Question

Organic fraction of municipal solid waste (OFMSW) with bulk density of 315 kg/m$^3$ and water content of 30% is mixed with municipal sludge of bulk density 700 kg/m$^3$ and water content of 70%, such that the water content of the mixture is 40%. The amount (in kg) of sludge to be mixed per kg of OFMSW (rounded off to 2 decimal places) and the density of the mixture (in kg/m$^3$) (rounded off to the nearest integer) are calculated. Which of the following options is/are true:

• A. 0.33 kg of sludge added per kg of OFMSW.
• B. Density of the mixture is 365 kg/m$^3$.
• C. 0.66 kg of sludge added per kg of OFMSW.
• D. Density of the mixture is 450 kg/m$^3$.

Hint:

When mixing materials with different water contents, you can calculate the final water content by balancing the individual contributions from each material and then calculating the bulk density of the mixture based on their respective densities.

Answer 1

The Correct Option is A, B

Given Data:

• Bulk density of MSW: \( \rho_1 = 315 \, \text{kg/m}^3 \)
• Water content of MSW: 30%
• Bulk density of sludge: \( \rho_2 = 700 \, \text{kg/m}^3 \)
• Water content of sludge: 70%
• Water content of mixture: 40%

Step 1: Water Content Balance Equation

Let \( W_1 \) and \( W_2 \) be the weights of MSW and sludge, respectively.
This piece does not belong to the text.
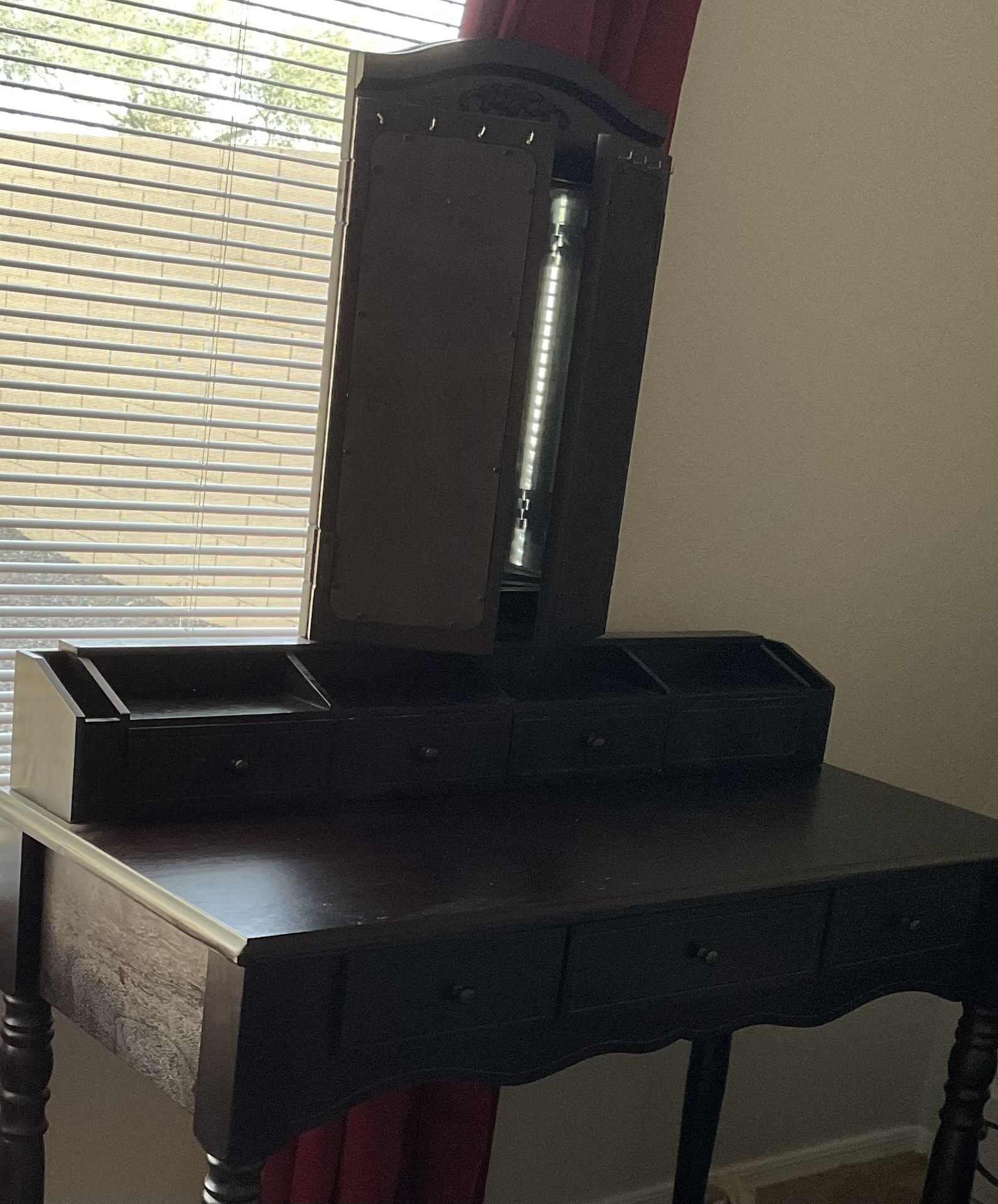 Note: It is a moving sale, price negotiation for serious buyers Description: Makeup Desk with exquisite vanity table mirror, bringing you a whole new makeup experience. Powerful Vanity Storage Space Perfect makeup vanity features 4 drawers on the top part and 3 convenient tabletop drawers. These drawers offer ample storage space for organizing makeup products, perfumes, lipsticks, lotions, makeup brushes, hair accessories and more, keeping your tabletop tidy and well-organized. Unleash your beauty and enjoy the fun of makeup! Durable Material & Sturdy 2-1 Design, Detachable tabletop allows you to transform the makeup desk into a writing desk. Makeup table is made of durable hardwood and MDF material , ensuring a long service life with sufficient stability and safety. Spacious wooden stools with soft sponge cushions for ultimate comfort.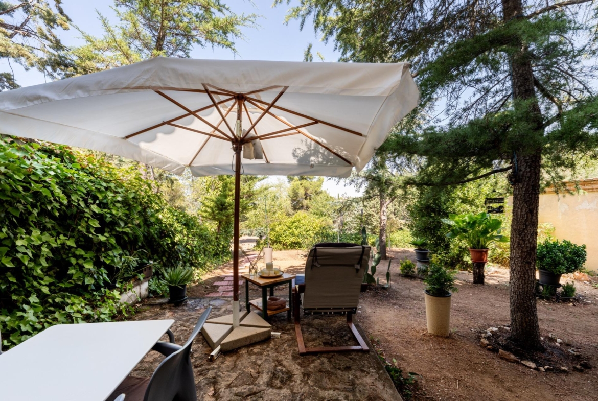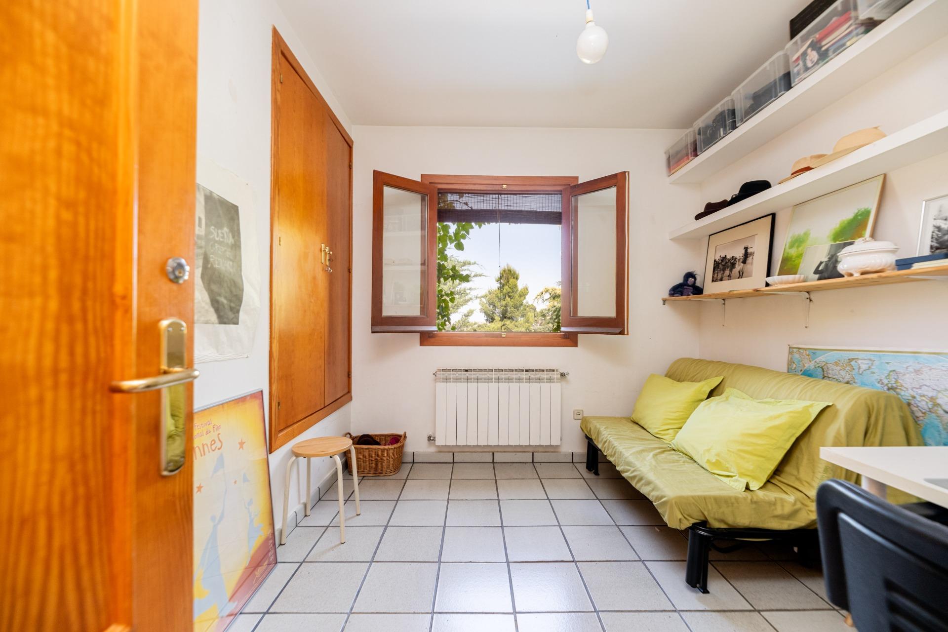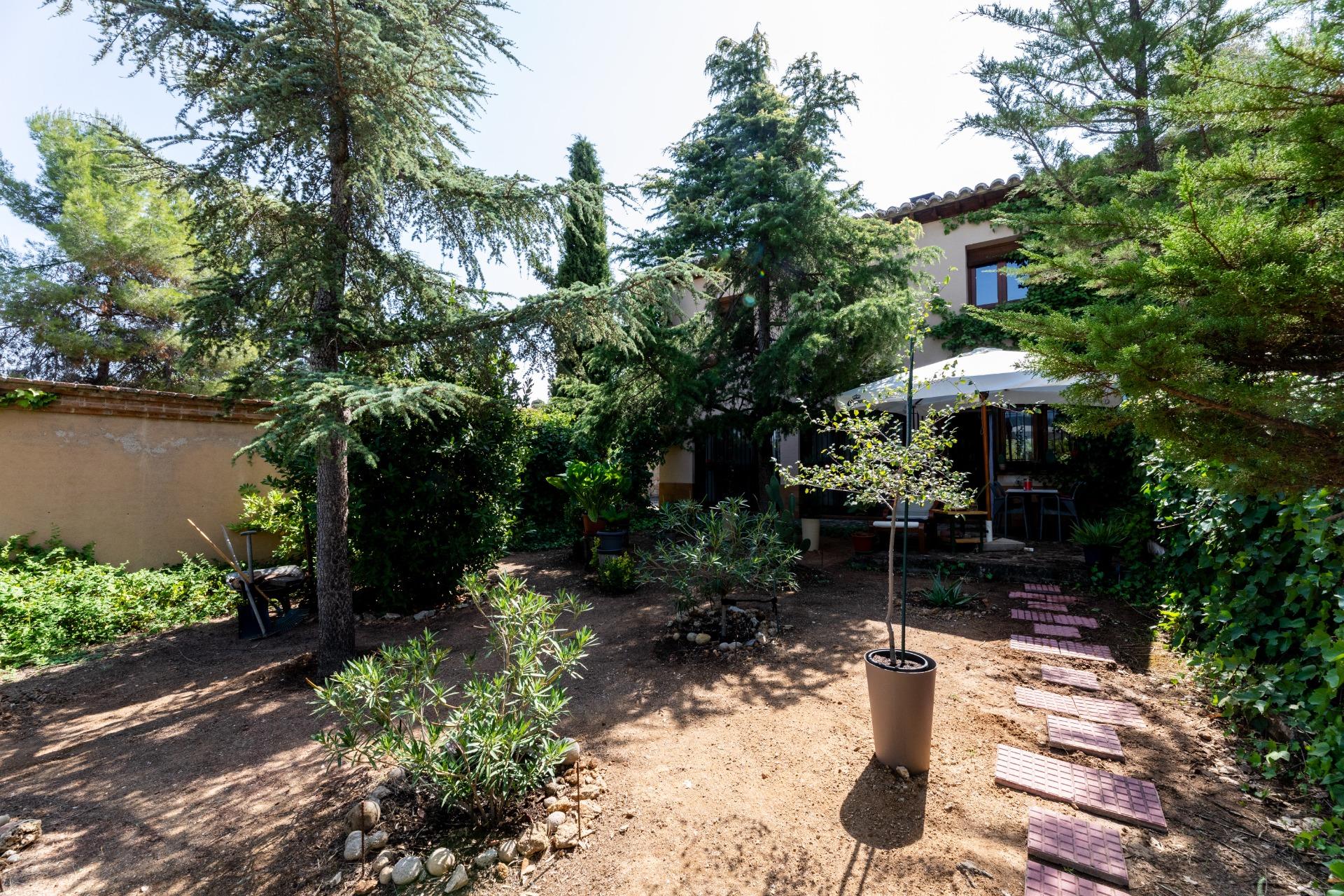 La casa principal, en perfecto estado, dispone actualmente de tres habitaciones, que fácilmente podrían convertirse en 4, e incluso más. Luminosa, con extraordinarias vistas y magníficos ventanales. Las dos plantas tienen acceso directo a los jardines, en todas las orientaciones, pudiendo disfrutar del exterior según la estación del año y el momento del día.

The water content equation for the mixture is:

\[ 0.3W_1 + 0.7W_2 = 0.4(W_1 + W_2) \]

Simplifying:

\[ 0.3W_1 + 0.7W_2 = 0.4W_1 + 0.4W_2 \]

\[ 0.3W_1 - 0.4W_1 = 0.4W_2 - 0.7W_2 \]

\[ -0.1W_1 = -0.3W_2 \]

\[ \frac{W_2}{W_1} = \frac{1}{3} \]

Step 2: Bulk Density Calculation

Bulk density of the mixture is given by:

\[ \rho_{\text{bulk}} = \frac{W_1 + W_2}{V_1 + V_2} \]
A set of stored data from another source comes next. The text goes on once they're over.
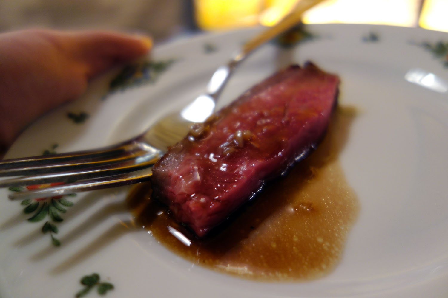 Perhaps the most anticipated dish was the 32 oz bone-in NY strip, dry-aged 40 days before being cooked to order, topped with a wonderful agrodolce and the meat’s own juices. Gloriously tender, bright red in the center, a very slight hint of aging but not too funky for the steak-purist. For the sake of the event, it was chopped up into bite-sized chunks heaped over the bone, which looked pretty cool.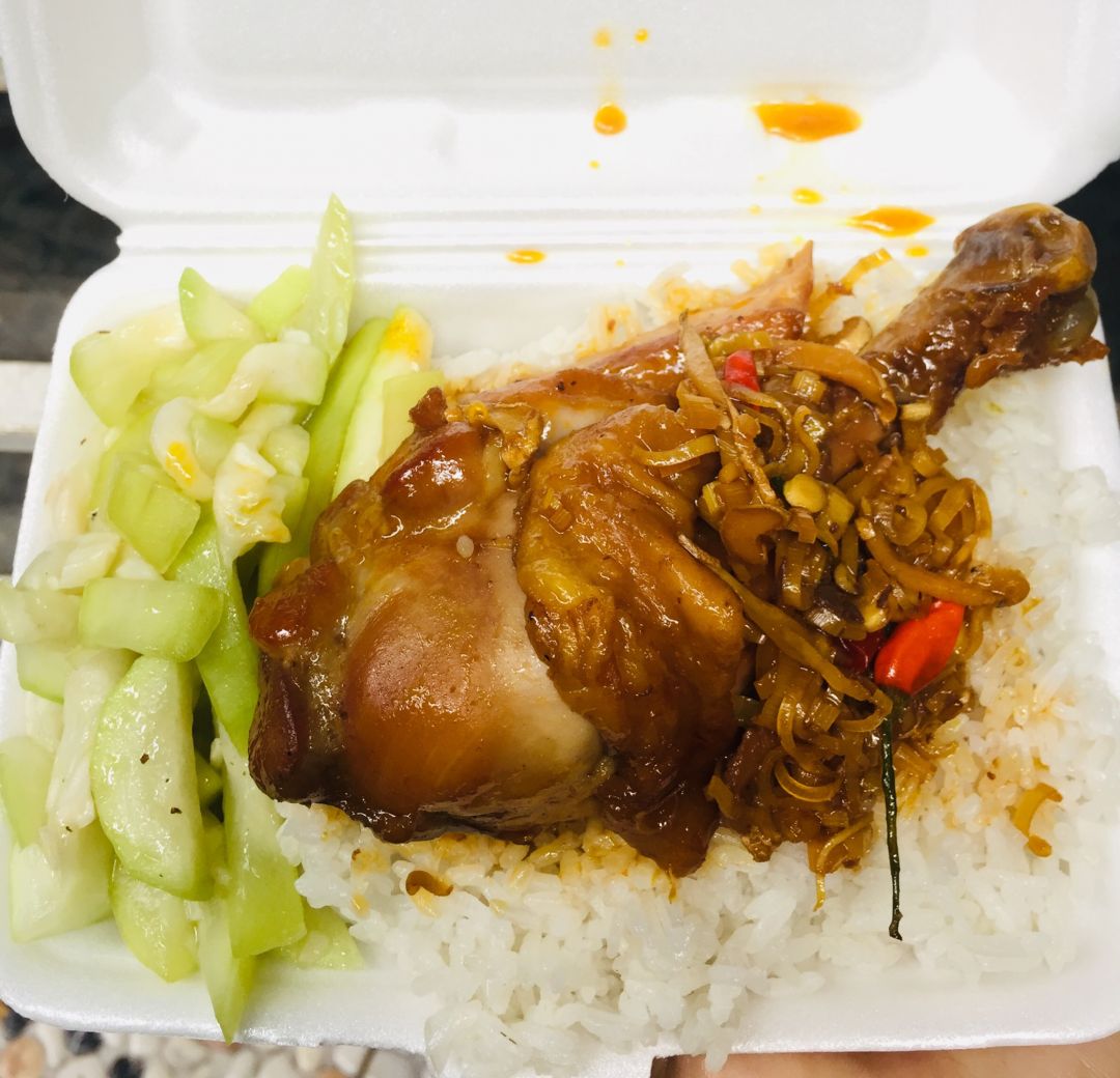 Một nhân viên của phòng Công tác Xã hội đang dùng suât cơm gà của bếp Thảo đây các bạn.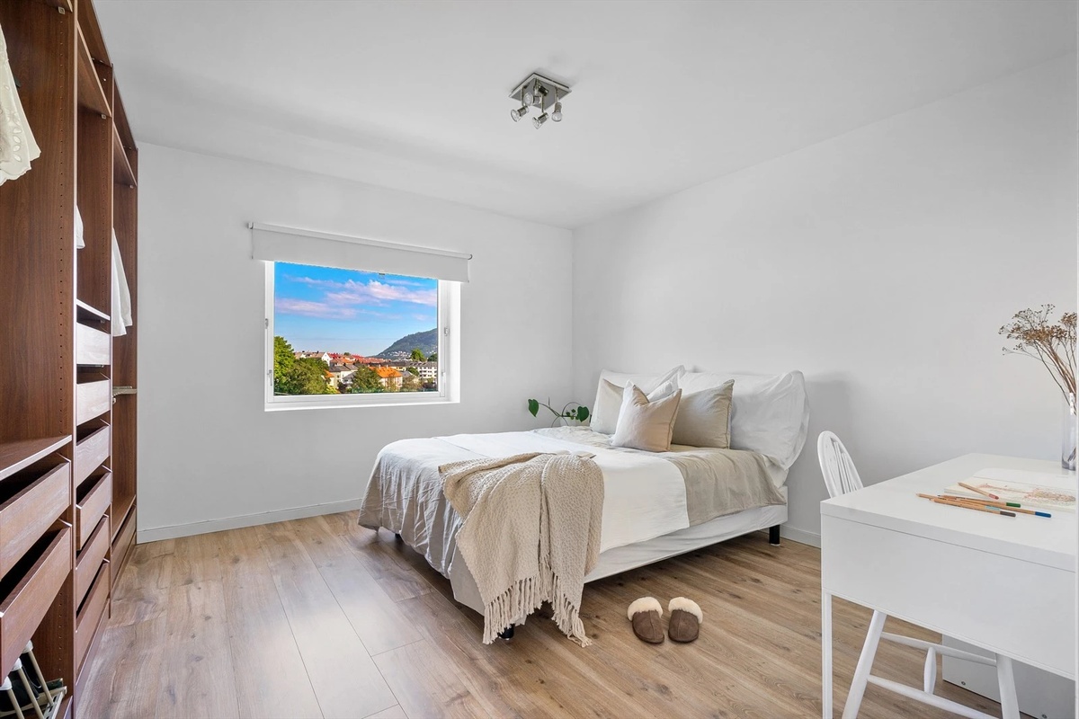 Leiligheten ligger med gåavstand til Wergeland bybanestopp, Rema 1000 (søndagsåpen), Sats, og Høgskulen på Vestlandet (HVL).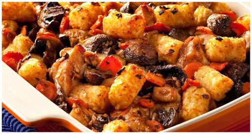 2..In a large bowl, whisk together oil and Soup Mix. Add Tater Tots®, chicken, mushrooms and carrots, and toss until well coated. Transfer to baking dish and spread evenly.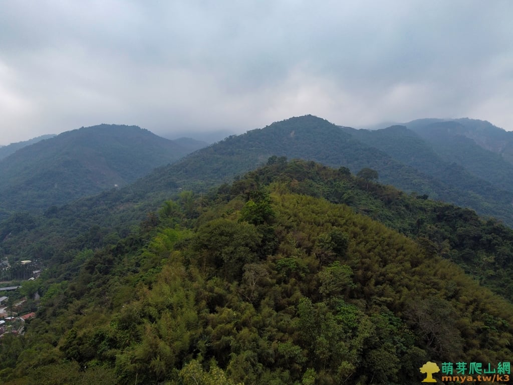 ▲向西南方空拍仰望坪林林道往線浸林道方向的山稜,可見牛轀轆山(759M)往馬路麻山(1232M)的稜線方向,海拔過千的地方雲霧堆積。

Since \( V = \frac{W}{\rho} \), we substitute:

\[ \rho_{\text{bulk}} = \frac{W_1 + W_2}{\frac{W_1}{\rho_1} + \frac{W_2}{\rho_2}} \]

Substituting \( \frac{W_2}{W_1} = \frac{1}{3} \), we solve and obtain:

\[ \rho_{\text{bulk}} \approx 365 \, \text{kg/m}^3 \]

Thus, the correct answers are (A) and (B).